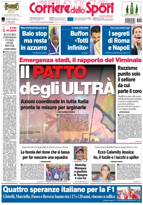 Il ricatto degli ultras, che preparano azioni coordinate per fermare il campionato di calcio. Le parole di Platini, presidente dell’Uefa, e il progetto di modificare in parte le norme antirazzismo. Tevez esclusivo per Tuttosport che parla della Juventus e di Papa Francesco.
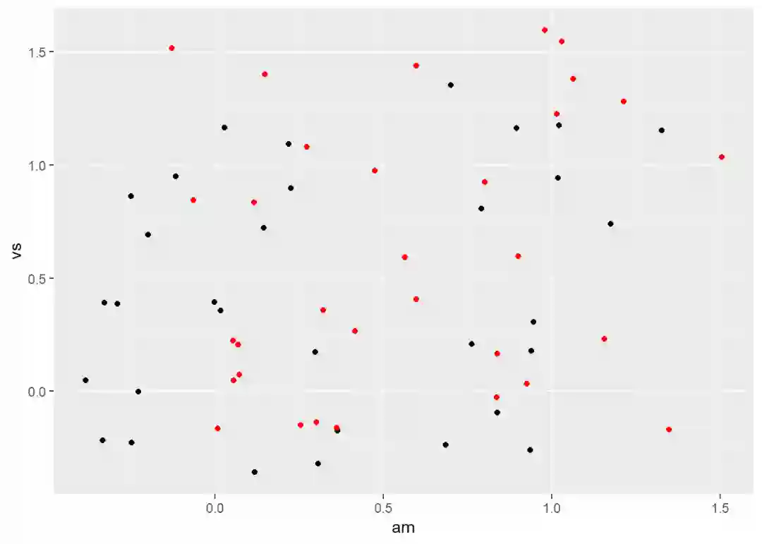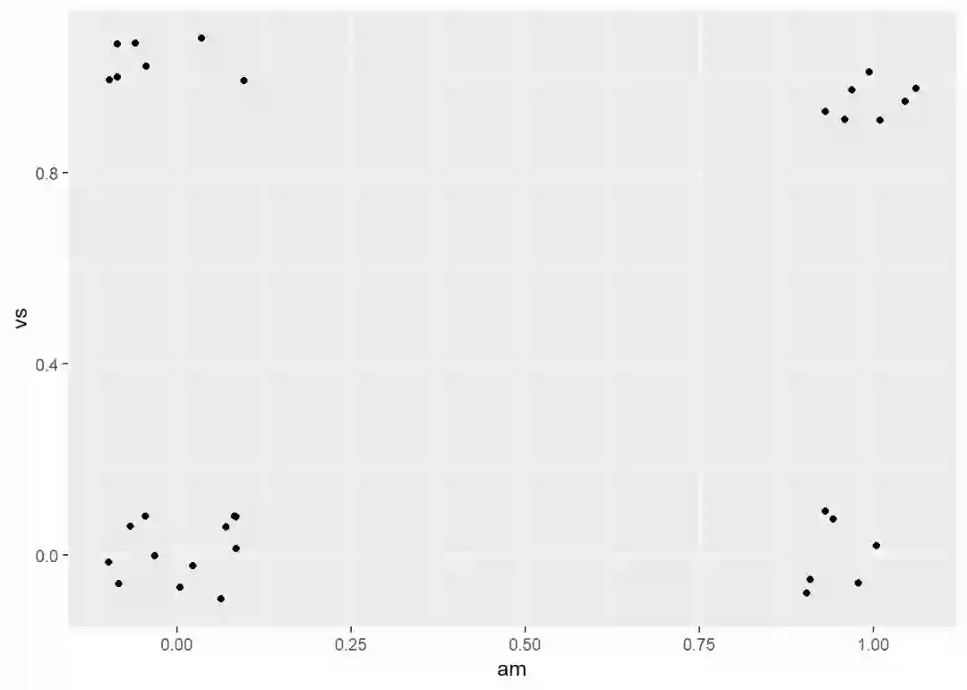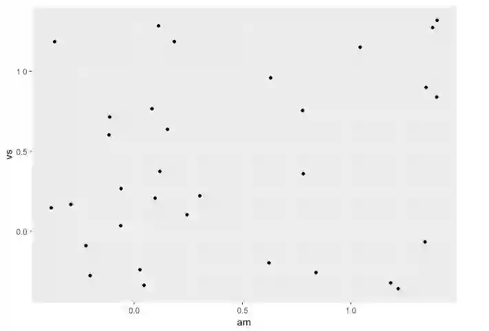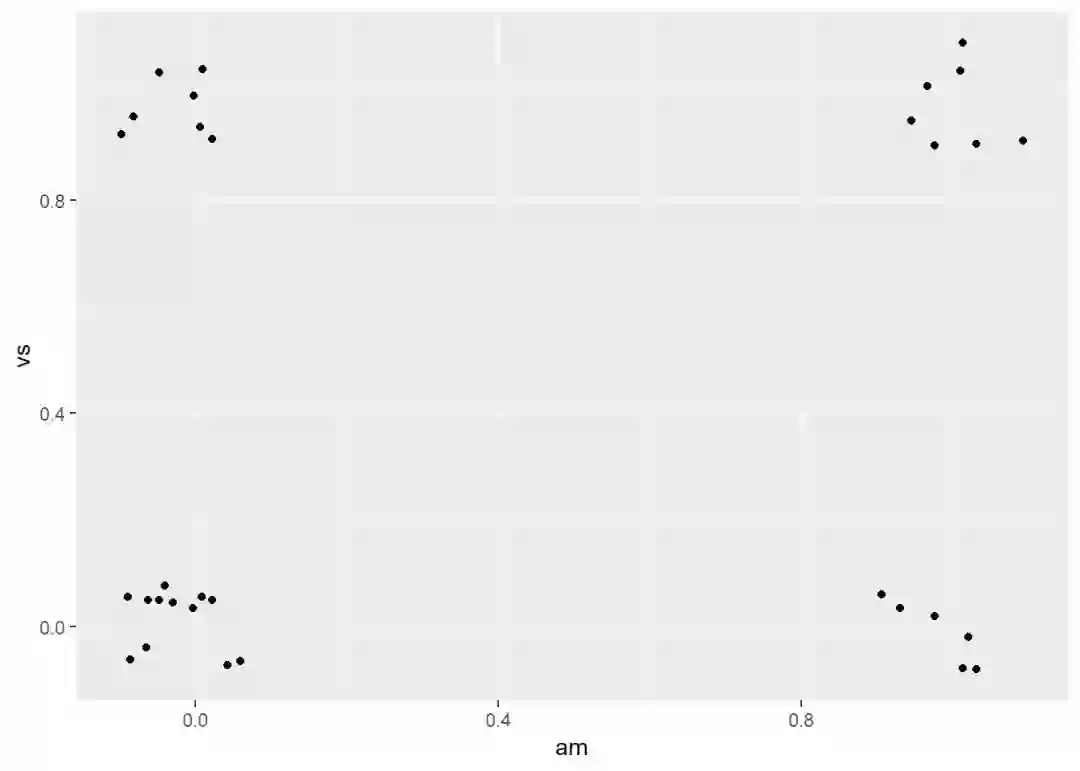 geom_point(aes(am + 0.2, vs + 0.2), position = "jitter", color = "red" ) # 可以在映射里面进行简单的运算
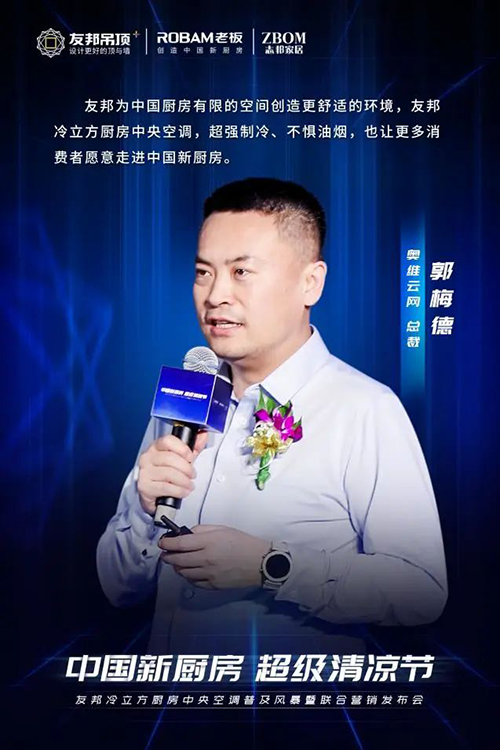 中國新廚房 超級清涼節聯合營銷啟動 在發布會的最后環節,來自奧維云網、友邦吊頂、志邦家居、老板電器、紅星美凱龍政務商場的各位嘉賓,共同登臺啟動了“中國新廚房 超級清涼節”的聯合營銷活動,三大品牌強強聯手,共筑理想廚房生活。從用戶使用場景和需求切入,致力為廣大消費者、為中國廚房升級提供更多選擇。

* TASK DESCRIPTION
Exclude every picture and restate the listing word for word.

* RESULT BELOW
 Il ricatto degli ultras, che preparano azioni coordinate per fermare il campionato di calcio. Le parole di Platini, presidente dell’Uefa, e il progetto di modificare in parte le norme antirazzismo. Tevez esclusivo per Tuttosport che parla della Juventus e di Papa Francesco.
 geom_point(aes(am + 0.2, vs + 0.2), position = "jitter", color = "red" ) # 可以在映射里面进行简单的运算
 中國新廚房 超級清涼節聯合營銷啟動 在發布會的最后環節,來自奧維云網、友邦吊頂、志邦家居、老板電器、紅星美凱龍政務商場的各位嘉賓,共同登臺啟動了“中國新廚房 超級清涼節”的聯合營銷活動,三大品牌強強聯手,共筑理想廚房生活。從用戶使用場景和需求切入,致力為廣大消費者、為中國廚房升級提供更多選擇。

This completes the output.